• Exercise objective
Could you transcribe exactly the lines below, from the line with "這是一款休閑經(jīng)營" through the line with "Witte dalmatiek met", and nothing else, leaving out the pictures?

++++ Information given ++++

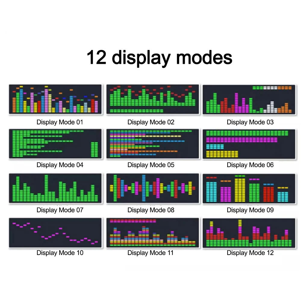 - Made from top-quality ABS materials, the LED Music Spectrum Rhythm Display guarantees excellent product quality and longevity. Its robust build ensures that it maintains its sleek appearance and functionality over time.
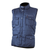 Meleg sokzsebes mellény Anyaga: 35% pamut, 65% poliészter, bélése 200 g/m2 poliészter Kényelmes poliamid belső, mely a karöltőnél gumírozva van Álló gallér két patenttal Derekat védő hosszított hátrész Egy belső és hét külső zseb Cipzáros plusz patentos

++++
++++ Information given ++++

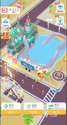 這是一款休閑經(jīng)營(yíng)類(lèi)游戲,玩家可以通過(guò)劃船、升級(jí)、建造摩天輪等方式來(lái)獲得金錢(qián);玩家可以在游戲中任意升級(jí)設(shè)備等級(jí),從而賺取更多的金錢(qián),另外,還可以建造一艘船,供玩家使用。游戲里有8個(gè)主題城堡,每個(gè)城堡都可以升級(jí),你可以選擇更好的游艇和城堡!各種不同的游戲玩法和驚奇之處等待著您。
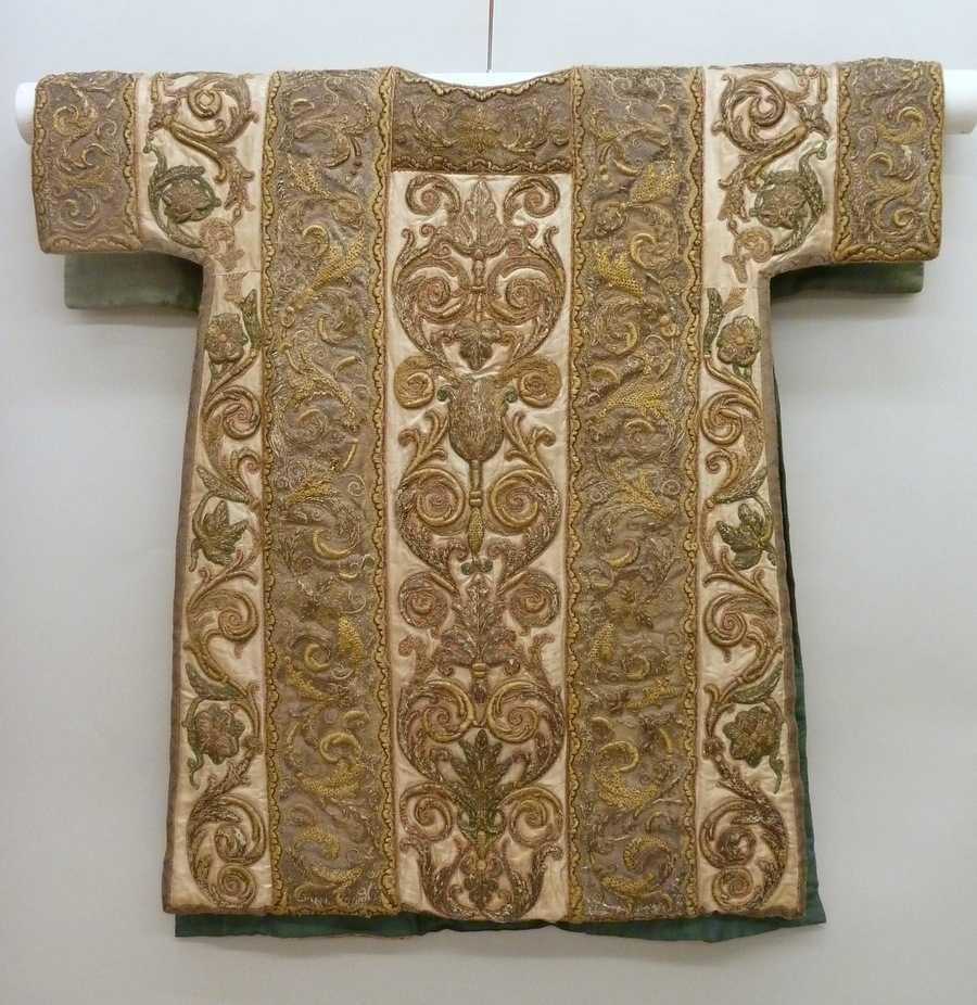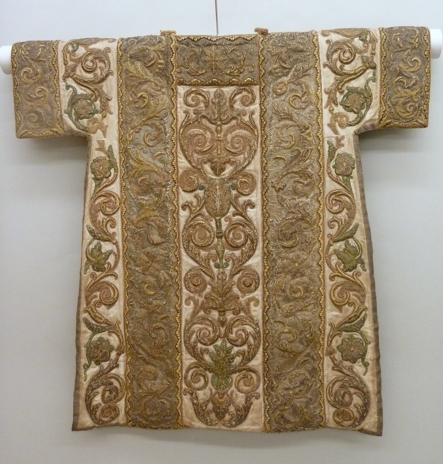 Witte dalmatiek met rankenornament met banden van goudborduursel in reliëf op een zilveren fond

++++

• Result for this exercise
 這是一款休閑經(jīng)營(yíng)類(lèi)游戲,玩家可以通過(guò)劃船、升級(jí)、建造摩天輪等方式來(lái)獲得金錢(qián);玩家可以在游戲中任意升級(jí)設(shè)備等級(jí),從而賺取更多的金錢(qián),另外,還可以建造一艘船,供玩家使用。游戲里有8個(gè)主題城堡,每個(gè)城堡都可以升級(jí),你可以選擇更好的游艇和城堡!各種不同的游戲玩法和驚奇之處等待著您。
 Witte dalmatiek met rankenornament met banden van goudborduursel in reliëf op een zilveren fond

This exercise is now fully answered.